Referring generally to FIG. 7, another embodiment of the latch assembly 36 is illustrated. In this example, the latch assembly 36 is in the form of an absolute annulus pressure actuated system including the contraction joint 84. As illustrated in FIG. 7, this embodiment omits passages 70 and instead provides a passage or passages 100 routed from the annulus 76 directly to cavity 68 on the annulus side of piston 64. The passages 100 may be routed through latch housing 56 as illustrated.

In this embodiment, the cavity 68 may be an atmosphere chamber and each of the passages 100 may initially be blocked by a suitable flow blocking member 102. The flow blocking members 102 may comprise rupture discs 104 or other suitable flow blocking members, e.g. valves, used to isolate the piston 64 from pressure in the annulus 76 when the piston 64 and the locking member 58 are in the locked position shown in FIG. 7.

However, when sufficient pressure is applied in annulus 76 the flow blocking member 102 is transitioned to a flow position. If rupture discs 104 are used, for example, the pressure applied in the annulus 76 ruptures the discs 104 so that annulus pressure is able to act on piston 64 so as to create a sufficient pressure differential between the annulus pressure and the atmospheric chamber pressure on the other side of piston 64. This sufficient pressure differential causes piston 64 to shift to an unlocked position which unlocks and releases locking member 58, e.g. dogs 60, as illustrated in FIG. 8.

Once the piston 64 is shifted, the cavity/chamber 68 is at annulus pressure. At this stage, the upper completion 34 is effectively unlocked with respect to the lower completion 32 and the contraction joint 84 can function as described above with respect to the previous embodiment. As further described above, the ability to axially move upper completion 34 relative to lower completion 32 enables removal of upper completion 34 (see FIG. 3). The upper completion 34 may be removed and retrieved to the surface to facilitate a workover operation or other well related operation. Once the workover operation or other well related operation is completed the subsequent upper completion 34 may be deployed downhole for engagement with the polished bore receptacle 48 of lower completion 32 (see FIG. 4).
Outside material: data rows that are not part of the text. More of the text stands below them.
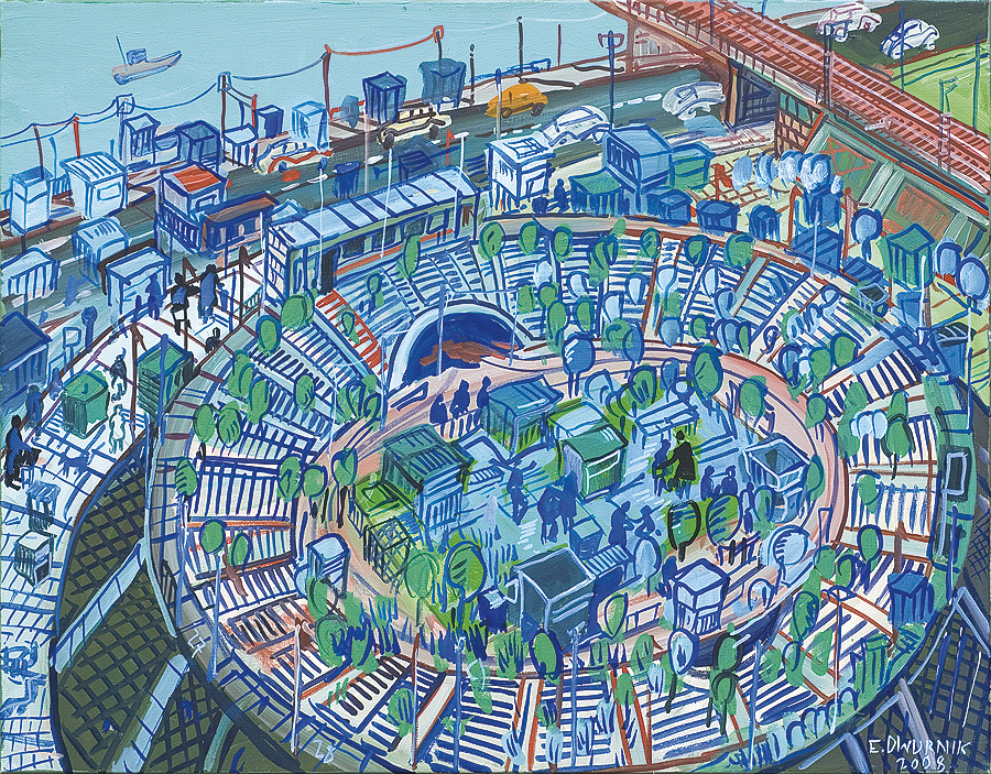 Edward Dwurnik (Radzymin 19 IV 1943 - Warszawa 28 X 2018) studiował malarstwo w ASP w Warszawie (1963-1970), jednak jako swego „mistrza“ wymienia Nikifora. Jego to prace, zobaczone po raz pierwszy w 1965, zainspirowały ówczesnego studenta III roku do narysowania pierwszych prac z cyklu „Podróże autostopem“, które kontynuował w nastepnych latach. W 1972-1978 powstawał cykl „Sportowcy“, w którym portretowane były, dodajmy - kąśliwie, typowe postaci z lat 70. Równolegle od 1975 powstawał cykl „Robotnicy“, który kulminował w okresie „Solidarności“ 1980-1981. Za prace z tego cyklu Dwurnik otrzymał w 1981 Nagrodę Krytyki Artystycznej im. Cypriana Kamila Norwida, natomiast za obrazy z cyklu „Warszawa“ (1981), proroczo zapowiadające stan wojenny - Nagrodę Kulturalną „Solidarności“ podziemnej w 1983. W latach 80. malarstwo Dwurnika przybrało wyraz ekspresyjny i dramatyczny. Powstające w tej dekadzie obrazy miały niejednokrotnie wymowę polityczną, przybierały też kostium historyczny, tak czy inaczej odnoszący się do współczesnych spraw i realiów. Cykl „Droga na Wschód“ (1989-91) upamiętniał ofiary stalinizmu, natomiast cykl „Od Grudnia do Czerwca“ (1990-94) - ofiary stanu wojennego. Zarówno ideowe, jak i czysto malarskie walory tych prac przyniosły artyście ogromne uznanie, zarówno w kraju jak i za granicą. Jego wyrazem była prestiżowa nagroda Fundacji Coutts & Co w Zurychu (1992). W latach 90. powstają cykle będące kontynuacją „Podróży autostopem“: „Niebieskie miasta“ (od 1993) i „Diagonale“ (od 1996), jak również kompozycje nowego typu, jak widoki morskie (cykl „Błękitne“, 1992-93) czy cykl „Wyliczanka“ (1996-99). Artysta wiele wystawia, miał ok. 100 wystaw indywidualnych w Polsce i za granicą, brał też udział w licznych wystawach i festiwalach krajowych i międzynarodowych, m.in.: X Biennale Sztuki Współczesnej, Menton 1974, Documenta 7, Kassel 1982, 5th Biennale, Sydney 1985, XIX Biennale Sztuki, Sao Paulo 1987; Olimpiada Sztuki, Seul 1988. Równolegle z malarstwem uprawiał rysunek, collage, grafikę warsztatową (litografia, techniki metalowe, kserografia, stemple) i użytkową (ilustracja, plakaty do własnych wystaw indywidualnych).
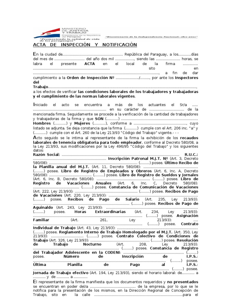 (.) cumple con el Art. 260 de la Ley 213/93 Cdigo del Trabajo vigente.- - Acto seguido se le intima al representante de la firma la exhibicin de los recaudos
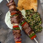 Cook the skewers on direct heat on the BBQ @200c for 6-8 minutes, turning every 2 minutes for even cooking
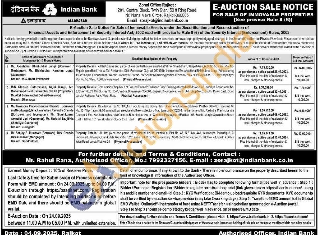 Property Details: All that pieces and parcel of Residential House situated at Shree Shaktidham, Khapat Area, R.S. No.50 Paiki, Plot No. 69 paiki part (Block) no. A. Tal-Porbandar, Dist-Porbandar, Gujarat-360579 in the name of Mr. Akashbhai Bhikhubhai Jungi (Admeasuring 49.351 Sq Mt.). Boundaries: North: Property of Plot No. 68: South: Remaining portion of plot no. 69 870 Paiki part no. B, East: Property of Plot No. 56; West: 7.50 Mtr wide Road (Physical Possession)
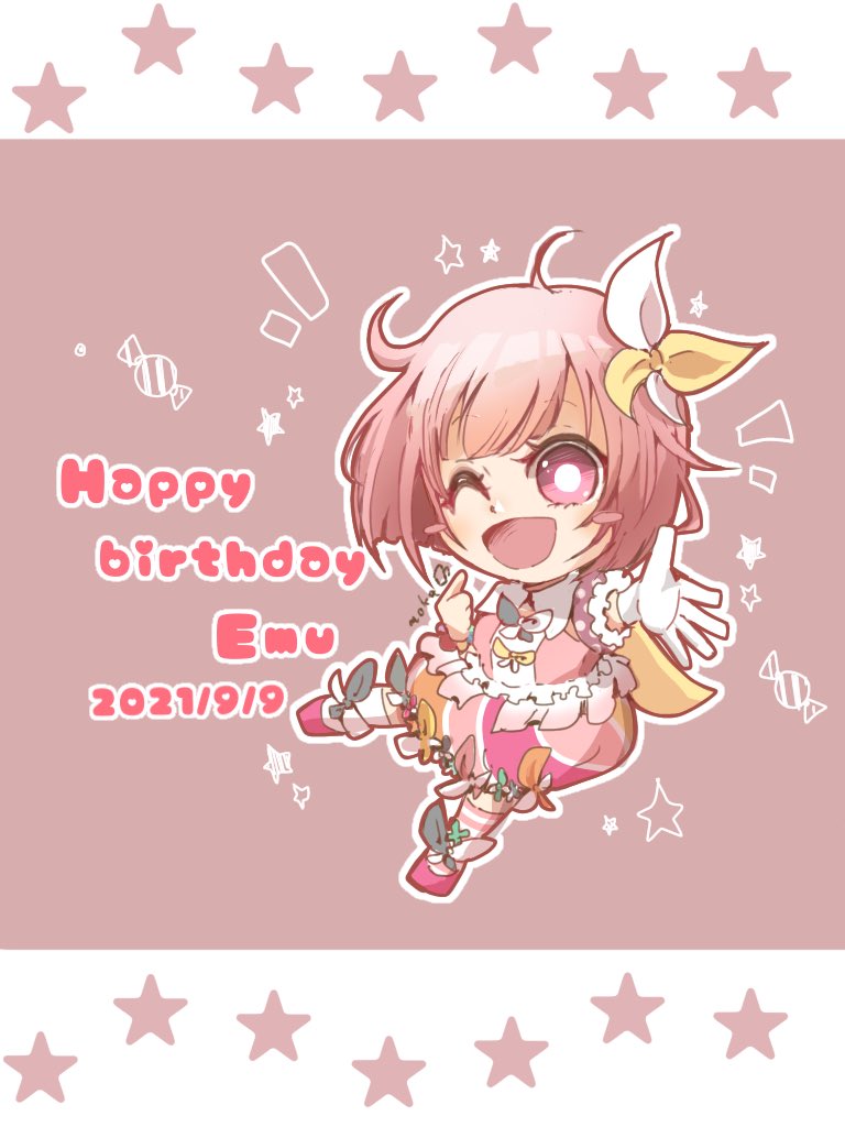 8 44 🍬🎂えむちゃんお誕生日おめでとう🎂🍬 いつもわんだほいなえむちゃんに心奪われてるよ🥰 #鳳えむ誕生祭2021 #prsk_FA 21/09/09 00:00
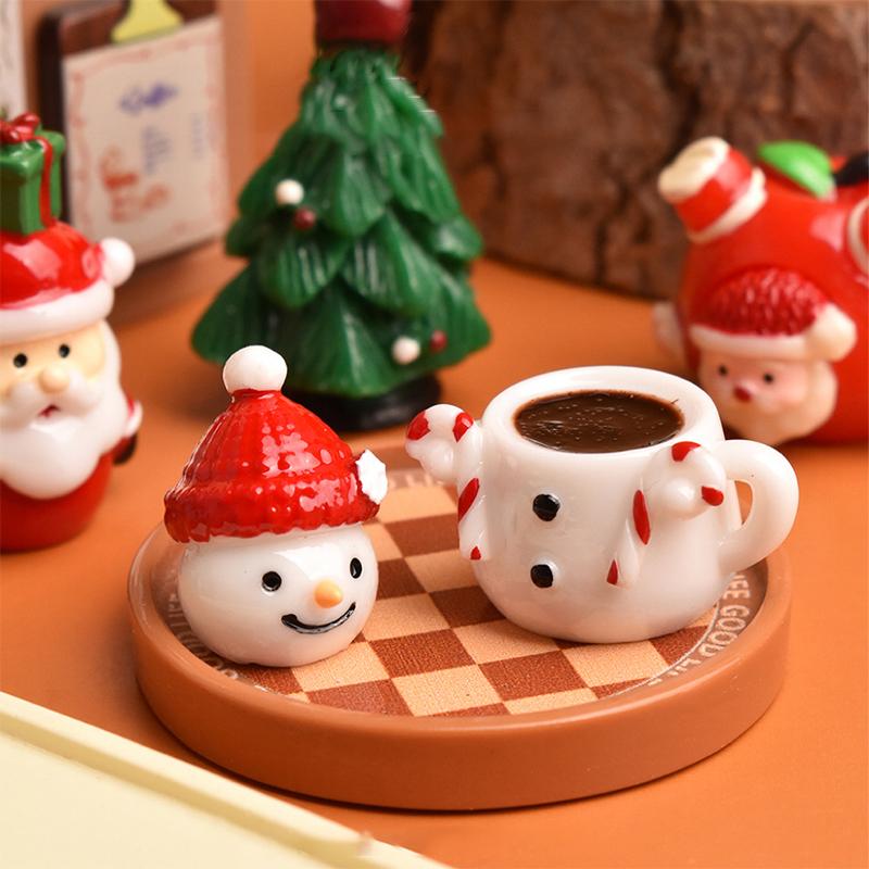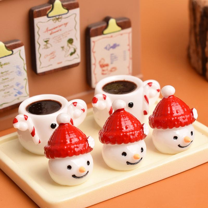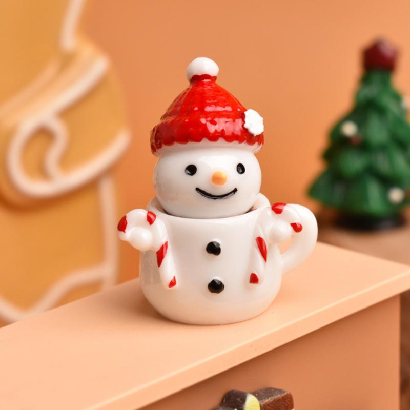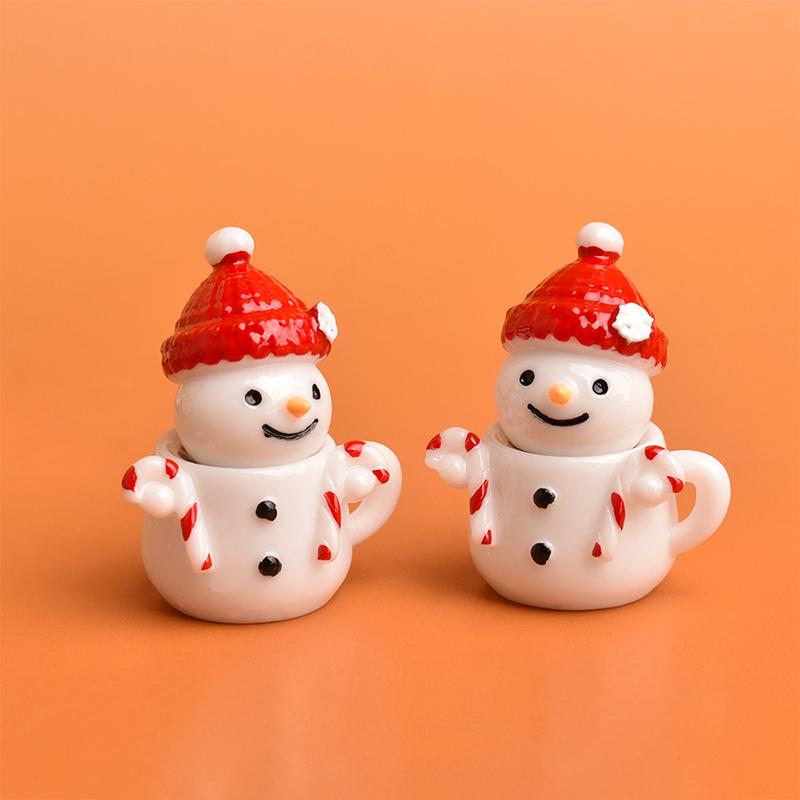 2/5 Набор Мини Снеговик Чашка Украшение Миниатюрная Рождественская Чашка Сцена Пейзаж Смола Кукольный домик Аксессуары Рождественские Поделки Подарки
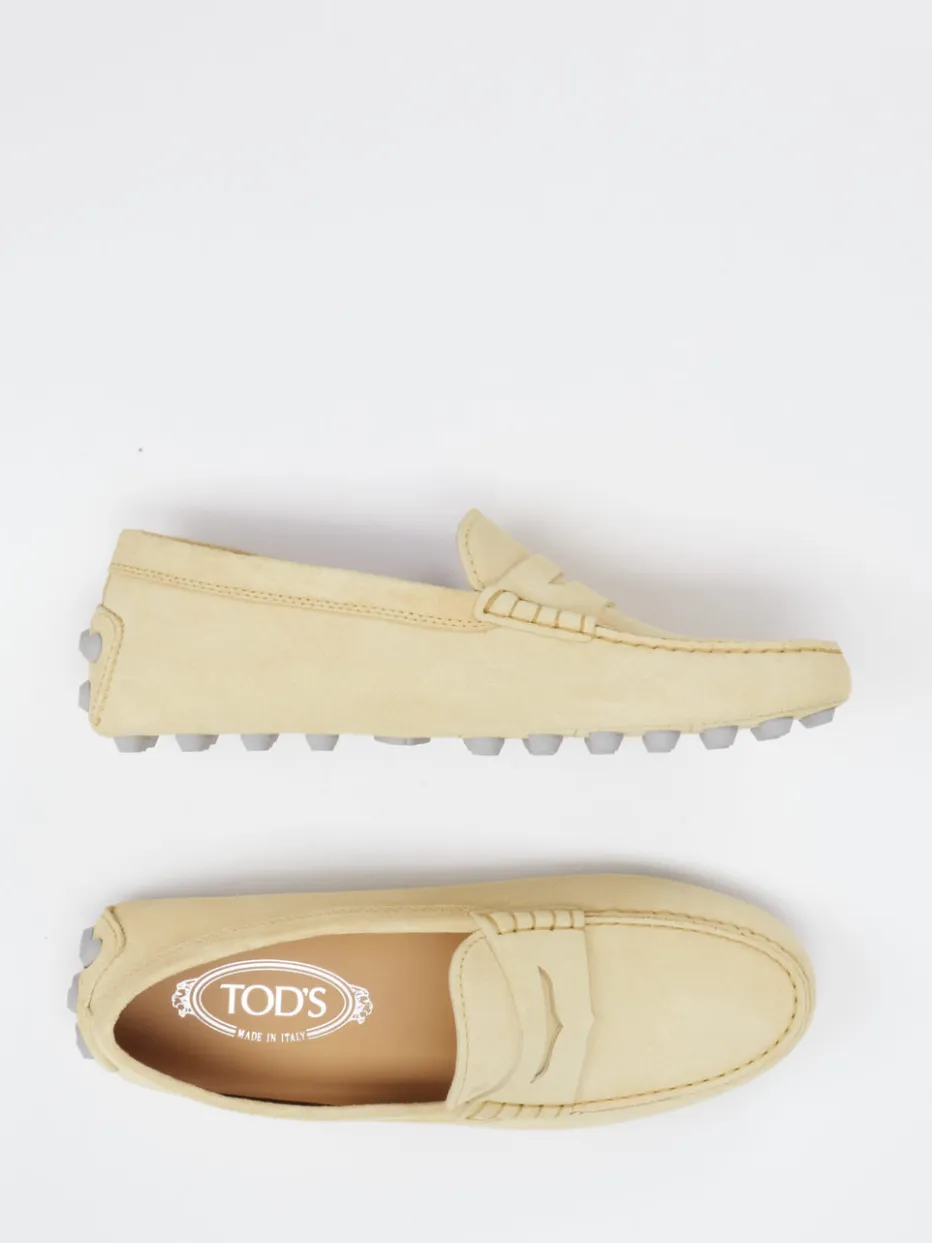 Mit seinem hochwertigen Veloursleder und der glatten, matten Oberfläche fügt sich das Modell nahtlos in minimalistische Sommerlooks ein. Das helle Gelb unterstreicht die cleane Silhouette mit Mokassin-Naht und geprägtem Logo auf dem Blatt. Für angenehmen Halt sorgt die griffige Gummisohle mit charakteristischer Noppenstruktur. Die schlupfbare Form erhöht den Komfort, während klassische Linienführung und dezentes Design dem „Quiet Luxury“-Look folgen. Ideal zu Leinenhosen oder tonalen Outfits.
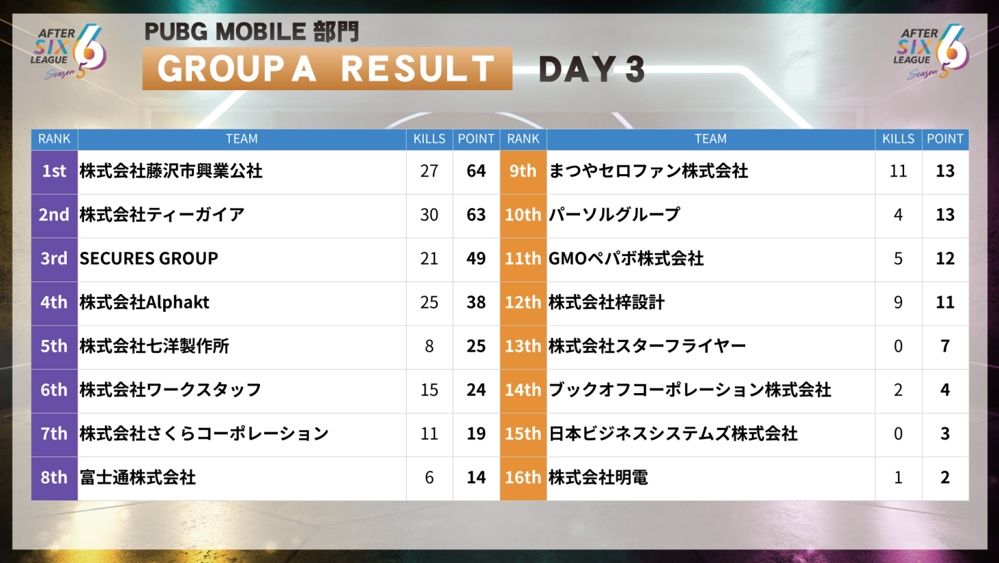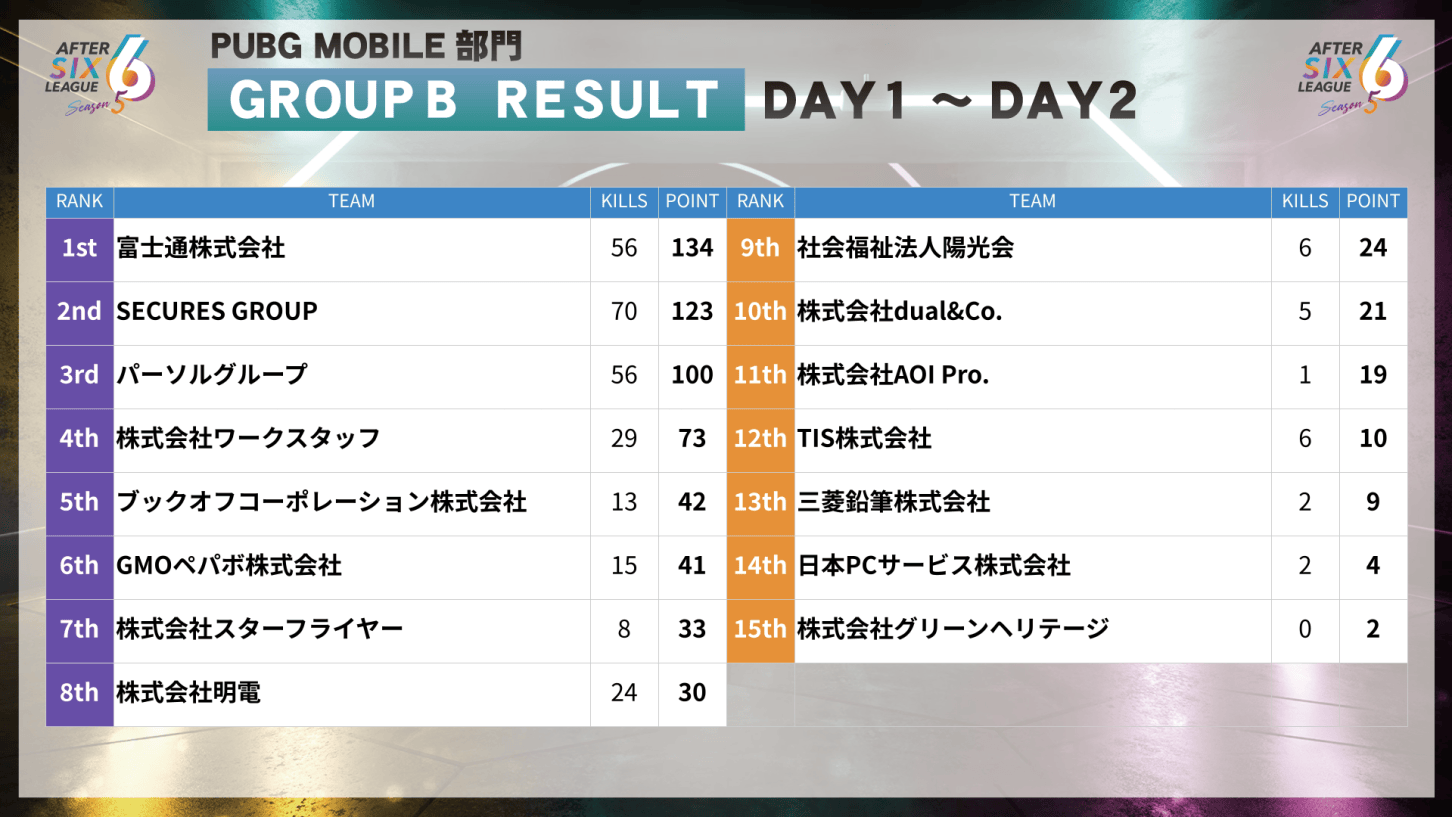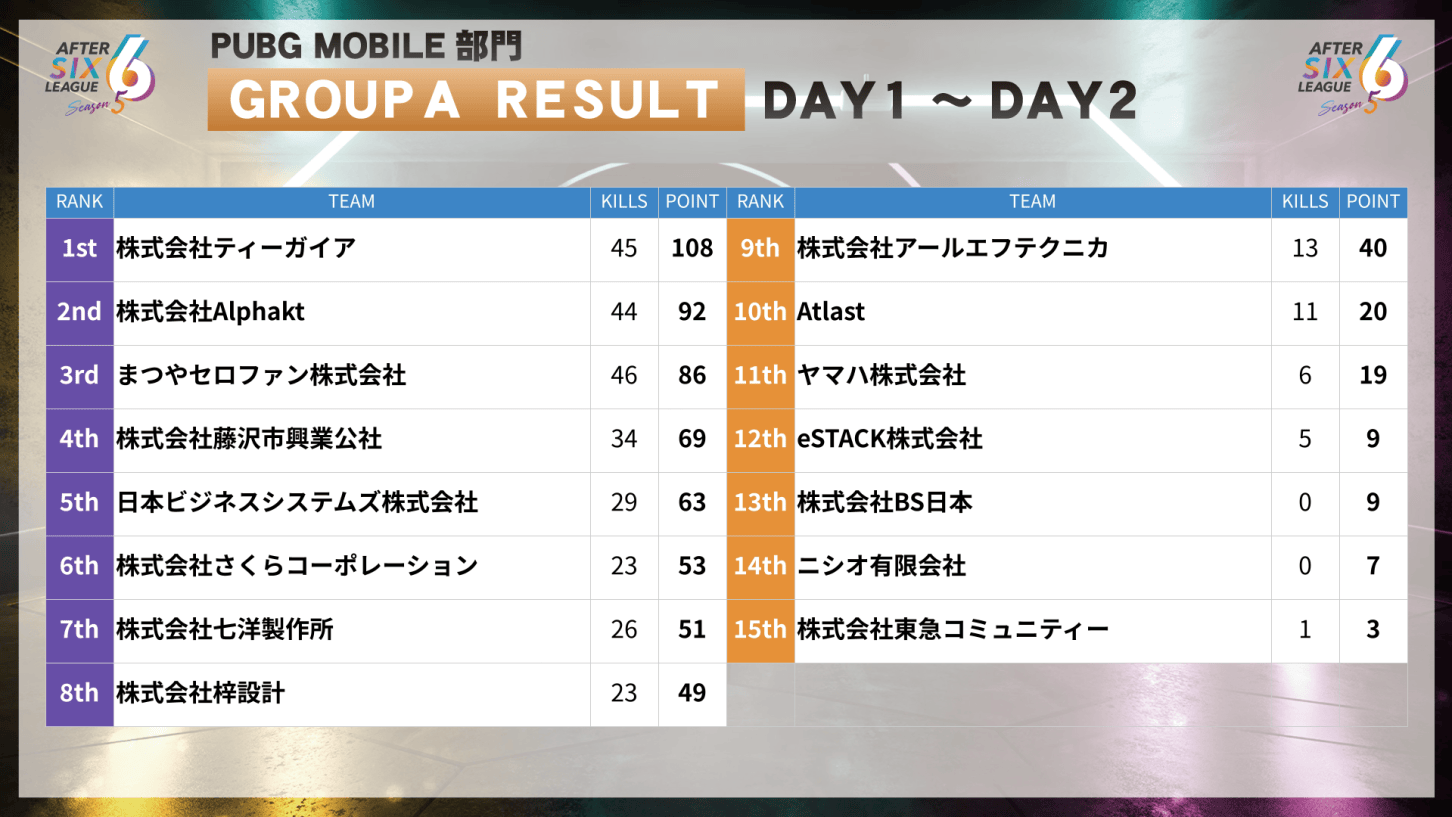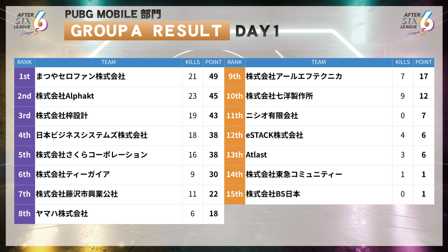 | 順位 | チーム名 | キル数 | リーグポイント |

Referring generally to FIG. 9, another embodiment of latch assembly 36 is illustrated. This embodiment is very similar to the embodiment illustrated in FIGS. 7 and 8. However, this embodiment of latch assembly 36 again comprises contingency release 96. As described above, contingency release 96 may be used to enable mechanical separation of the upper completion 34 from the lower completion 32 if, for example, the locking member 58 fails to release. The contingency release 96 may comprise shear member 98 which shears upon application of sufficient tensile load to release the locking housing 50 and the upper completion 34 from lower completion 32.

Referring generally to FIG. 10, another embodiment of latch assembly 36 is illustrated. In this example, the locking member 58 is in the form of a collet 106 having collet finger ends 108 which are received in recess 62 and held in this locked position by piston 64. The piston 64 may be shifted via establishment of a sufficient differential pressure acting on the piston 64 as described with respect to the embodiments above. In the example illustrated, passages 100 are used to provide an absolute annulus pressure actuated latch assembly 36, as described above with reference to the embodiment illustrated in FIGS. 7 and 8.

Once the piston 64 is shifted to the unlocked position, the collet finger ends 108 are released which allows contraction or expansion of the expansion-contraction joint 84. Once the piston 64 and collet 106 are unlocked, the upper completion 34 also may be separated from the lower completion 32 and retrieved to the surface to enable a workover operation or other desired operation.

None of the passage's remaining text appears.